Collaboration Hubs am Beispiel von Slack oder: Wie Digitalisierung den Weg zum Unternehmenserfolg ebnet – mit den richtigen Tools und Teamspirit.
(Bild: Slack)
Collaboration Hubs sind das Werkzeug, das dabei unterstützt, die richtige Balance für den Erfolg zu finden – eine Balance zwischen dem Fokus auf Know-how und der Miteinbeziehung einer gemeinsamen Unternehmensvision. Es ist wichtig, dass alle dieselbe Richtung einschlagen, eine gemeinsame Vision teilen und Wissen leicht zugänglich ist. Nur so kann ein Unternehmen die Innovationskraft steigern, Prozesse schneller und effizienter gestalten als bisher sowie einen starken Zusammenhalt unter allen Mitarbeiter fördern. Um konkurrenzfähig zu bleiben, ist es nicht notwendig, das Rad neu zu erfinden, um jeden Preis disruptiv zu sein oder die Dinge per se anders zu machen. Vielmehr geht es darum, neue Ansätze zu finden, um bisher versteckte und ungenutzte Potentiale zu erschließen. Collaboration Hubs bieten dafür den geeigneten Rahmen.

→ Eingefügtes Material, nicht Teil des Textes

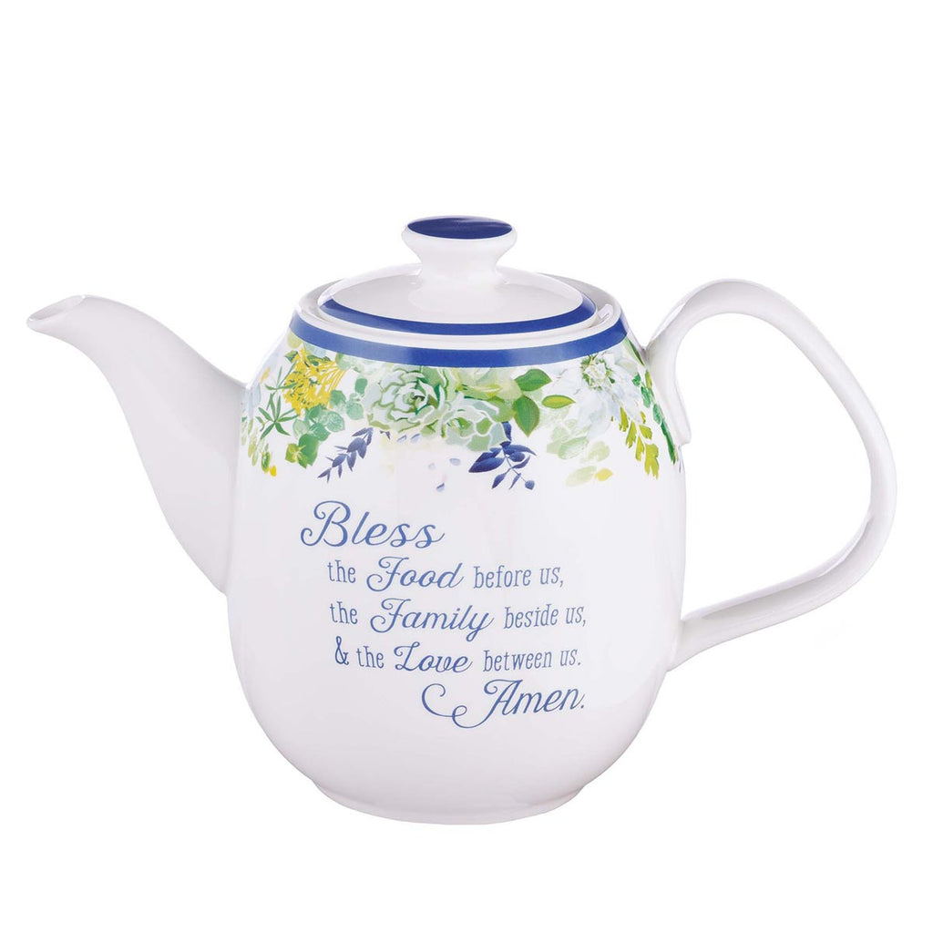 Practice hospitality when you pour a steaming cup of tea from this ceramic Bless The Food Before Us Teapot. Friends and family will feel loved and appreciated when they read the prayer printed in royal blue on the side of the ceramic teapot:

Den Weg zum Unternehmenserfolg mit anderen Augen sehen
1. Das „Team first“ – Mindset für die ideale Unternehmenskultur
Für eine effiziente und erfolgreiche Zielerreichung darf sich ein Unternehmen nicht nur auf die richtigen Technologien und Know-how verlassen. Die Reise zu langfristigem Unternehmenserfolg beginnt zunächst im Kopf aller Beteiligten. Collaboration muss als zentraler Ausgangspunkt dieser gemeinsamen Reise etabliert werden. Weg von einem „Top-down“-Ansatz, hin zu einem Kulturwandel, der von allen getragen und vorangetrieben wird. Der „Team-first“-Gedanke spielt hier eine wichtige Rolle, denn nur gemeinsam als Team erreicht man Großes – mehr, als es der Einzelne jemals könnte. Collaboration Hubs bilden nicht nur einen zentralen Ort für die Zusammenarbeit im Unternehmen sowie mit externen Partnern, sondern auch einen Dreh- und Angelpunkt für alle erfolgskritischen Faktoren eines Unternehmens – das Wissen, die Menschen und die Tools.

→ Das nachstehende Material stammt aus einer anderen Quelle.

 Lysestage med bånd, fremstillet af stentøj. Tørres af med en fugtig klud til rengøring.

2. Effizientere Zusammenarbeit durch agile Strukturen
Agilität bedeutet Schnelligkeit, Anpassungsfähigkeit, Flexibilität, Dynamik und Vernetzung. Gerade im Auge der Digitalisierung ist es erfolgsentscheidend, dass Prozesse wie Datenmanagement und Wissensaustausch, aber auch das Onboarding neuer Teammitglieder optimiert und somit möglichst schnell und effizient erfolgen. Collaboration Hubs sind das Werkzeug, um an den agilen Stellschrauben des Unternehmens weiter zu drehen und sie noch mehr zu lockern. Dies geschieht unter anderem durch hürdenlose Kommunikation über das gesamte Unternehmen hinweg.
E-Mail ist die Standardkoordinationsstelle für Kommunikation und Go-to-Plattform, die wir nutzen, wenn es darum geht, externe Personen zu erreichen, aber innerhalb eines Unternehmens funktioniert sie nur bedingt. Enorme Informationsflüsse fließen durch sie hindurch, aber jeder hat nur einen winzigen Einblick. In Collaboration Hubs sind alle ausgetauschten Nachrichten in sogenannten Channels organisiert. Channels können für jedes Thema erstellt werden – Projekt, Team, Bürostandort, Geschäftseinheit oder temporäre Themen wie die Planung eines Offsite-Meetings.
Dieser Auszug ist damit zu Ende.